Seetha Shankaran: Exactly. We really have stated in our manuscript and, I believe, all the other multi-center trials that have shown benefit have also published the clear indication for cooling therapy for term infants. So these have to be term infants, they have to have lack of oxygen, lack of blood flow to the brain, they have to be less than six hours of age. So it’s a very specific group of infants, and we really encourage the centers that want to use this to really follow the same detailed protocol that is available in the published study.

Pat Anstett: Okay, and if I may follow up with one other question -- you asked -- I mean -- you mentioned that this is also being evaluated for pediatric brain injury. You have the equipment, you have the expertise there at DMC, are there some research protocols underway where you are using this for other indications, and can you tell us a little about that, please?

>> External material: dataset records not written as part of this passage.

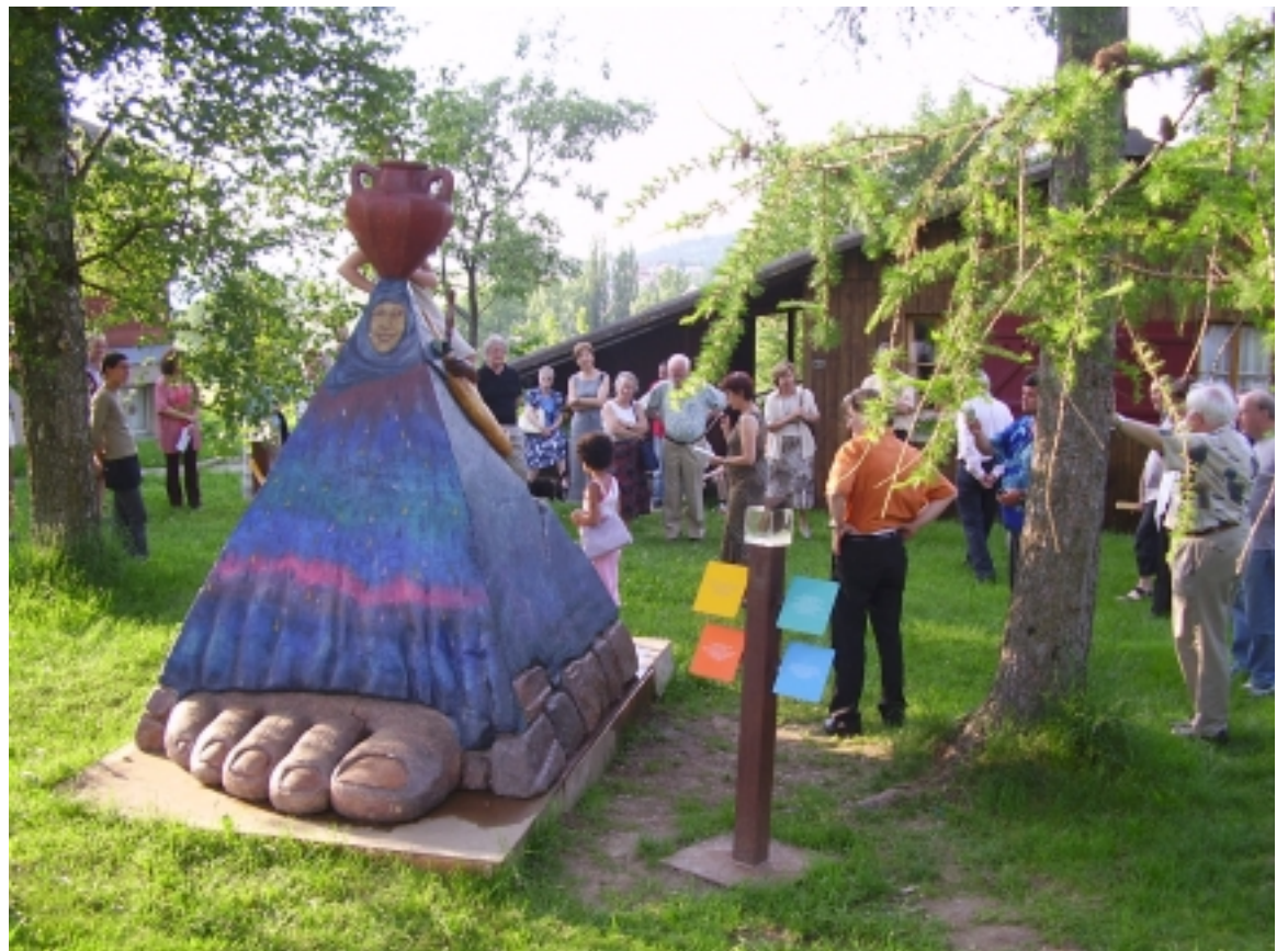
27 mai, centre national à Treyvaux: vernissage de l'exposition «Chemin de découvertes et de rencontres», ouverte tous les jours jusqu'au 17 octobre 2005
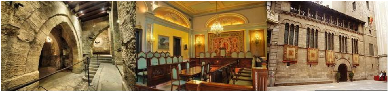
Soterrani de la Paeria
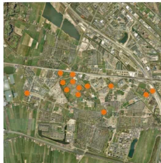
▲ Leidsche Rijn en Utrecht

Com molts altres nous desenvolupaments urbans al país, al principi el van colonitzar de seguida residents "pioners" que no tenien cap relació amb l'indret ni entre ells mateixos. En aquesta etapa les relacions socials solen ser gairebé inexistentes, i la cohesió social és molt fràgil.
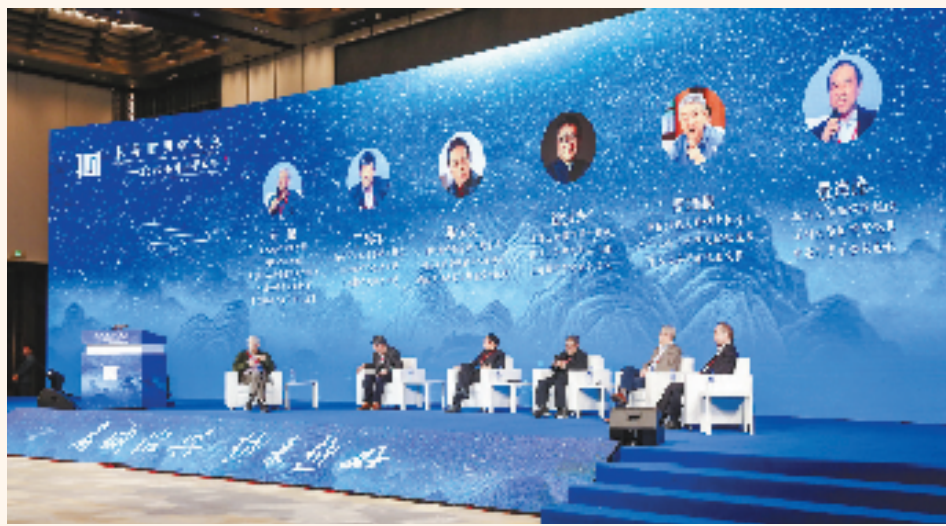
世界阳明学大会暨2022阳明心学大会现场
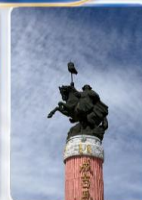
สวนสุสานเจงกิสข่าน (ชมด้านนอก)
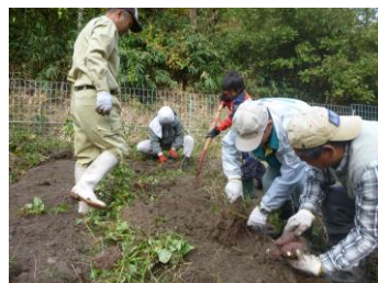
さつまいもの収穫
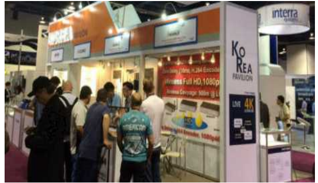
수출 희망기업 부산기업 상담지원

Seetha Shankaran: Not for any other conditions for newborn infants. We are not using it, although there are published reports of it being used for other indications. But it’s really not been shown to be either safe or effective.

There is a national study funded by the NICHD to look at cardiac arrest in pediatric patients -- so these are older patients – that’s being done throughout the country in certain centers. And, yes, within the DMC, it’s being conducted at Children’s.

Pat Anstett: Okay, thank you.

Rosemary Higgins: If I could add, NICHD’s Neonatal Research Network has two additional cooling studies that are ongoing. The question is, if a baby arrives after six hours or presents with a seizure after six hours of age, should that infant be cooled?  And we don’t have the evidence base as of yet to say yes or no. It’s unstudied.

And so we do have a trial ongoing that is recruiting infants who present beyond the six hours of age up until 24 hours to try to determine if the cooling is effective beyond six hours, because that’s an unanswered question.

Pat Anstett: Okay, and that study is going on right now at DMC?

Rosemary Higgins: Yes, it is, at all of our Neonatal Network sites, yes. And then the other study that’s also going on in the Neonatal Research Network, which Dr. Shankaran is the lead investigator on, is cooling for a longer period of time, meaning 120 hours instead of 72 hours. And cooling for a lower temperature, 32 degrees as opposed to 33.5 degrees, to see if we can effect more neuro-protection or protection for the brain and optimize outcome for these unfortunate babies.

Pat Anstett: Thank you.

Operator: If you do have a question, please press the number 7 on your telephone keypad.

Mr. Bock, it appears we have no further questions.

Robert Bock: All right, since we have no further questions, we will conclude our briefing for today. Thank you, everyone, for joining us.

All: Thank you.

Robert Bock: Goodbye.

Operator: Thank you. This does conclude today’s teleconference. We thank you for your participation. You may disconnect your line at this time.